Although he had many symptoms consistent with scurvy such as generalized malaise, perifollicular hemorrhage and hyperkeratosis, spongy edema of the joints, and mild anemia on laboratory testing, he was missing several classic scurvy symptoms. Unlike many patients with scurvy, our patient did not describe any history of bruising easily or dental concerns, and examination was notably absent of ecchymoses as well as spongy or bleeding gums. He did, however, present with eye irritation and photophobia.
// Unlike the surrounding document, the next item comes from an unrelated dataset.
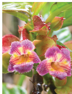
109 Drymonia chiribogana FT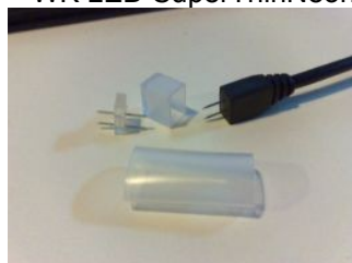
Mounting channel = 8*10mm

Available accessories: Front connectors, Splice connectors, Mounting channels, End caps, Shrinking tube Recommended storage & operating temperature: -20C to 60C, 100% humidity.

These symptoms, consistent with keratoconjunctivitis sicca, are lesser known because ocular findings are rarely found in scurvy.²¹ Patients with scurvy can report eye burning and irritation, redness, blurry vision, and sensitivity to bright light secondary to increased dryness of the corneal surfaces. Horrobin et al²² postulated that this symptom may be mediated by regulation of prostaglandin E1 by vitamin C.
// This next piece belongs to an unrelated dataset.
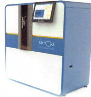
Data below represents results generated on the Simoa HD-1® Analyzer.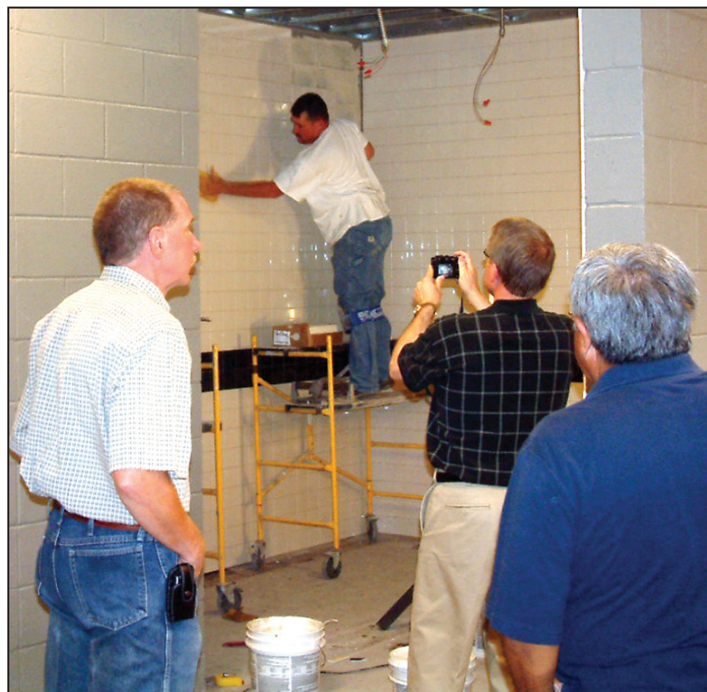
MISD board members, administration toured the high school's expansion site during Monday's board meeting. Pictured above, they watch as one of the new gymnasium's showers is being tiled.

Another less common sign of scurvy found in our patient was patchy alopecia. Alopecia most often is seen in association with concomitant Sjögren syndrome.^11,23 The etiology of the hair loss stems from the role of ascorbic acid in disulfide bonding during hair formation. The hair may fracture, coil into a corkscrew hair, or bend in several places, leading to a swan-neck deformity. Although a skin biopsy was not performed in our patient, results typically demonstrate a coiled hair in its follicle.^24,25

We present the case of an otherwise generally healthy patient who developed vitamin C deficiency due to a diet consisting mostly of soda and energy drinks. His case presented a diagnostic dilemma, as his symptoms at first seemed most consistent with reactive arthritis and he was missing several of the risk factors and symptoms that would have led to an early diagnosis of scurvy. Vitamin C deficiency is not as uncommon as expected in the developed world; practitioners must be aware of the common as well as the unusual signs of scurvy.